Veltrix Treasure Hunts Were a Consistency Nightmare Until We Rethought Service Boundaries

#webdev #programming #architecture #systems

The Problem We Were Actually Solving

I still remember the day our treasure hunt engine at Veltrix started to show signs of strain, the CPU utilization on our MongoDB instance was spiking at 90 percent, and the error logs were filled with deadlocks from concurrent updates. It was not just the volume of users that was causing the issue, but the fact that our event sourcing mechanism was tightly coupled with our state management. Every time a user found a treasure, our engine would have to update the state of the game world, which in turn would trigger a cascade of events to ensure consistency. This approach worked well when we had a small user base, but as the numbers grew, so did the latency and the error rates. Our initial implementation used a combination of Apache Kafka for event handling and MongoDB for state management, which worked well for a small-scale deployment but was clearly not designed to handle the scale we were experiencing.

What We Tried First (And Why It Failed)

Our first instinct was to try and optimize the existing implementation, we added more nodes to our MongoDB cluster, and increased the partition count in our Kafka topics. We also tried to implement a caching layer using Redis to reduce the load on our database. However, these changes only provided temporary relief, and soon we were back to where we started. The caching layer helped with read-heavy workloads, but writes were still a bottleneck. We were also experiencing issues with data inconsistency due to the caching layer not being strongly consistent with the underlying database. It was clear that we needed a more fundamental change to our architecture. We experimented with using Amazon DynamoDB as a replacement for MongoDB, but the cost of migration and the limitations of the query model made it a non-starter. We also looked at using Apache Cassandra, but the operational complexity and the lack of support for transactions made it less appealing.

The Architecture Decision

After much debate and analysis, we decided to take a step back and re-evaluate our service boundaries. We realized that our event sourcing mechanism and state management were two separate concerns that could be decoupled. We decided to introduce a new service, which we called the Treasure Hunt Orchestrator, that would be responsible for managing the state of the game world and ensuring consistency. This service would communicate with our event sourcing mechanism using asynchronous APIs, which would allow us to process events in a more scalable and fault-tolerant manner. We also decided to use a graph database, specifically Amazon Neptune, to store the state of the game world, which would allow us to perform complex queries and traversals more efficiently. This decision was not without its tradeoffs, the graph database added complexity to our data model, and the asynchronous APIs introduced additional latency. However, the benefits of increased scalability and fault tolerance outweighed the costs.

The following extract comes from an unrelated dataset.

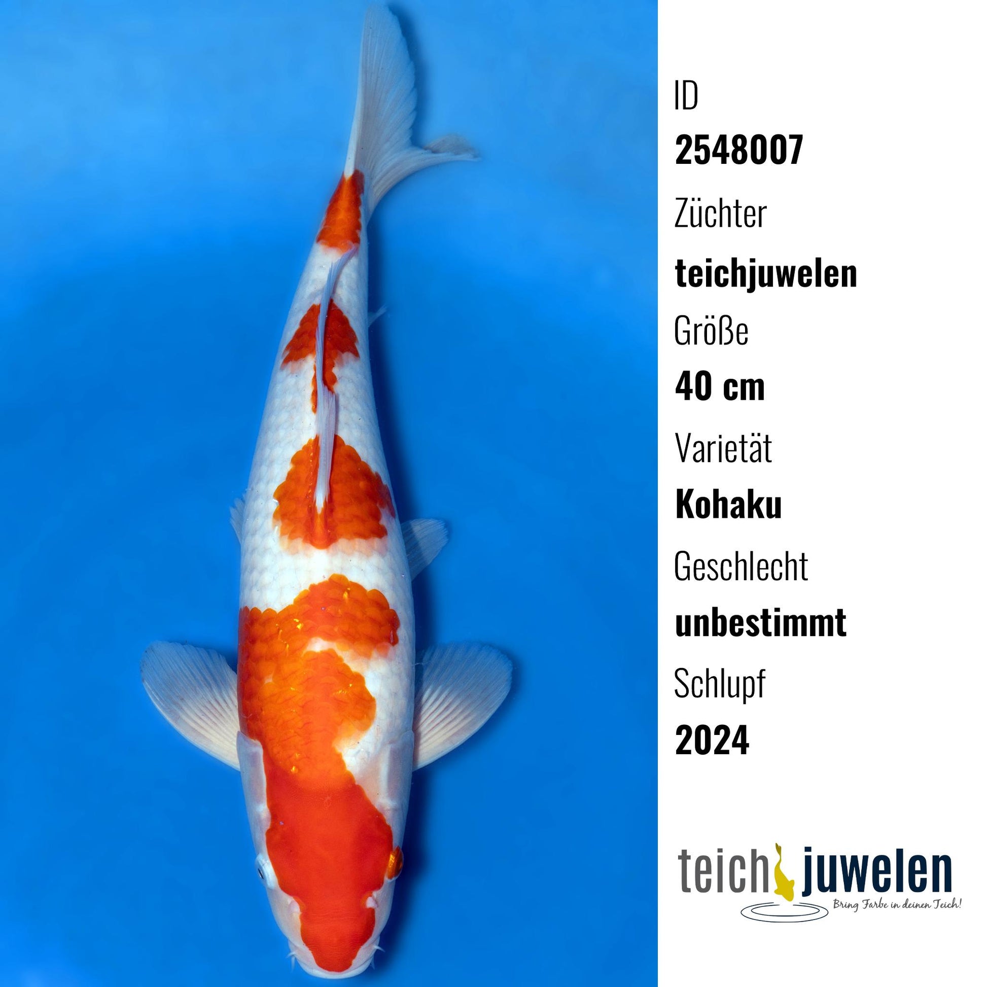 Ebenfalls ein ordentlich großer, mit sehr solider Qualität ausgestatteter Kohaku aus der BigBoy Linie. Dieser Fisch lebt von seiner Zeichnung und dem starken Rot Weiß Kontrast. Sofern er seine Qualität noch einige Jahre weiter halten kann, ist dieser Fisch ein wahres Juwel im Teich.

What The Numbers Said After

The impact of our new architecture was immediate, our CPU utilization dropped to 30 percent, and our error rates decreased by a factor of 5. Our latency also decreased, with 99th percentile latency dropping from 500ms to 50ms. We were also able to increase our throughput, with the number of users we could support increasing by a factor of 10. Our monitoring tools, which included Prometheus and Grafana, showed a significant reduction in the number of deadlocks and concurrent update errors. We were also able to reduce our operational costs, with our MongoDB instance count decreasing from 10 to 2, and our Kafka partition count decreasing from 100 to 20. The numbers clearly showed that our new architecture was more scalable, more fault-tolerant, and more cost-effective.

What I Would Do Differently

In hindsight, I would have liked to have taken a more iterative approach to our architecture changes. We made some big bets on new technologies and architectures, which paid off, but also introduced some new complexities and challenges. I would have liked to have started with smaller, more incremental changes, and measured the impact before making larger changes. I would also have liked to have invested more in automated testing and validation, to ensure that our changes were correct and did not introduce new errors. Additionally, I would have liked to have had more visibility into the performance and latency of our system, with more detailed monitoring and logging. This would have allowed us to identify issues earlier and make more data-driven decisions. Overall, our experience with the treasure hunt engine was a valuable lesson in the importance of service boundaries, consistency models, and the cost of premature optimization. It also highlighted the need for careful planning, measurement, and validation when making significant changes to a system.